Вначале дело передвижения по России велось без помощи посторонних сил, члены сами сопровождали выставку, исполняя обязанности артельщика, кассира и т. д. Это был героический период Товарищества. Общество принимало выставки картин с большим интересом, как новинку…
В то время когда мы решились пойти своей дорогой, не было уже недостатка в людях, сделавших себе некоторую известность работами самостоятельного характера, а за ними вслед пробивались молодые побеги, стремившиеся к свету и правде. Новые общественные условия, одновременно отодвинувшие меценатство на второй план, освободили место, к счастью, не оставшееся пустым. Мецената заменил любитель, не платонический любитель и знаток, готовый всегда осудить художника просвещенным советом, но любитель-покупатель, любитель-коллектор, симпатизирующий всему отечественному и совершенно свободный от культа формы или стиля, главным образом ценивший в искусстве его живое начало. Запросы его встретили ответ во всем, что не умело или не желало улечься в одобренные формы. И в русской школе образовалось небольшое самостоятельное течение, то течение, которому любители писать о художествах усвоили потом название нового искусства, не поясняя, что должно означать это название. Мне кажется, что новость его заключается главным образом в его искренности: оно решилось говорить о том, что ему близко и хорошо известно, с чем рядом оно родилось и выросло: оно решилось быть правдивым, или, как принято говорить, реальным, не допускать подделок и подражаний, не желая казаться более того, чем оно есть, при помощи чужих пьедесталов.
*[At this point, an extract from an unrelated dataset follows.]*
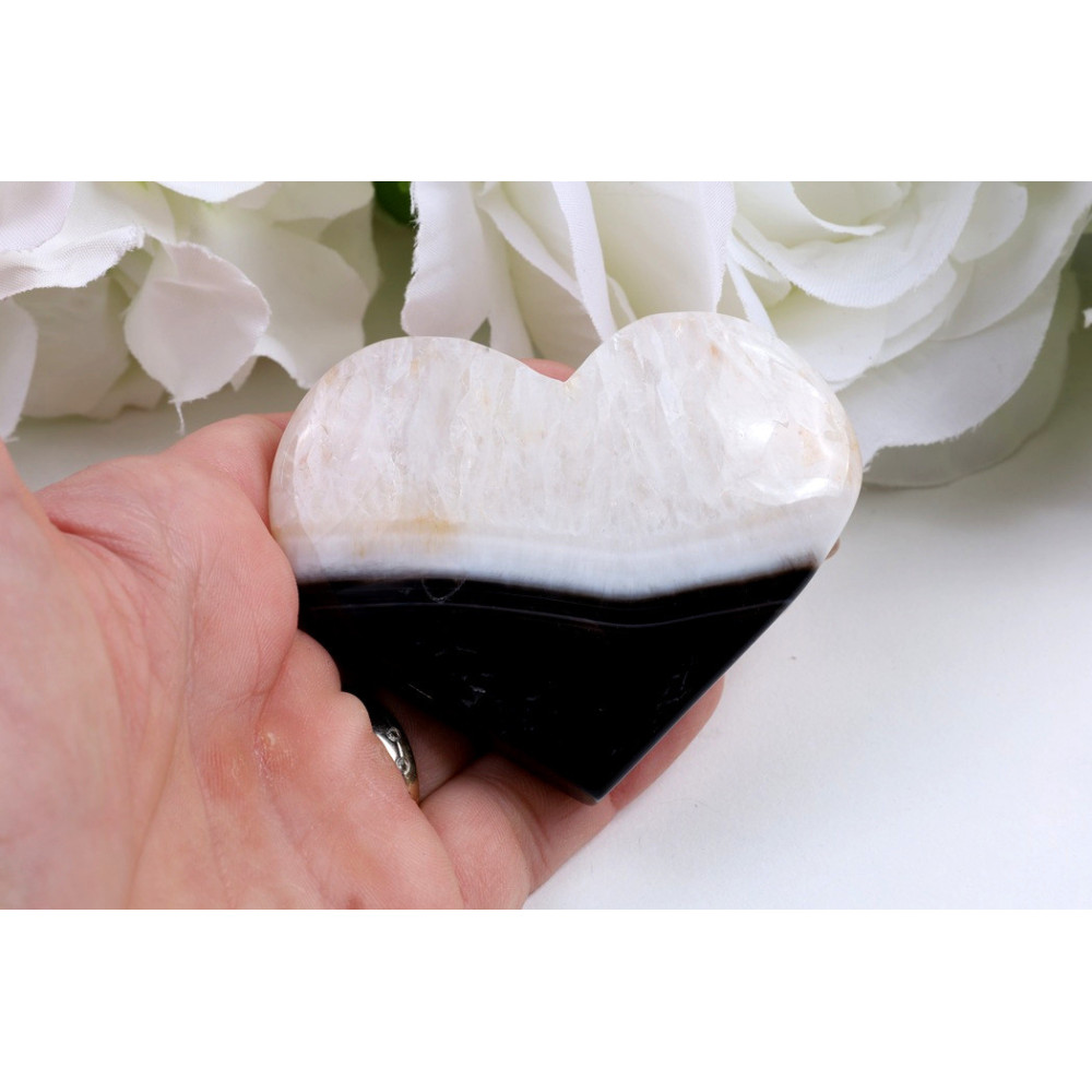 Toto elegantní srdce ze sardonyxu s unikátním dvoubarevným provedením je skutečným skvostem pro každého milovníka minerálů. Jeho kombinace světlých a tmavých tónů s vysokým leskem z něj činí výjimečný kus, který ozdobí každou sbírku i interiér. Neváhejte a pořiďte si tento jedinečný kámen z Brazílie ještě dnes.

Во имя этой наклонности к искренности новое искусство навлекло на себя немало упреков и порицаний: упреков в крайнем реализме, отсутствии высших стремлений, отвращении ко всему прекрасному и идеальному и т. д. В этих упреках сказывалось то древнее воззрение на искусство, которое отводило ему роль утешителя в скорбях, вытекающих от излишеств благ мира, роль забавы досужих людей, лучшего после мебели украшения барских стен и пр.
Товарищество, сложившееся в период перелома, объединило почти все, что умело, или только хотело быть искренним и правдивым по мере сил и таланта. Это произошло само собой, в силу обязательства, которое оно на себя приняло, – знакомить Россию с русским искусством, а не с теми имитациями, которые, как бы ни были искусны, останутся бесследными для русской школы.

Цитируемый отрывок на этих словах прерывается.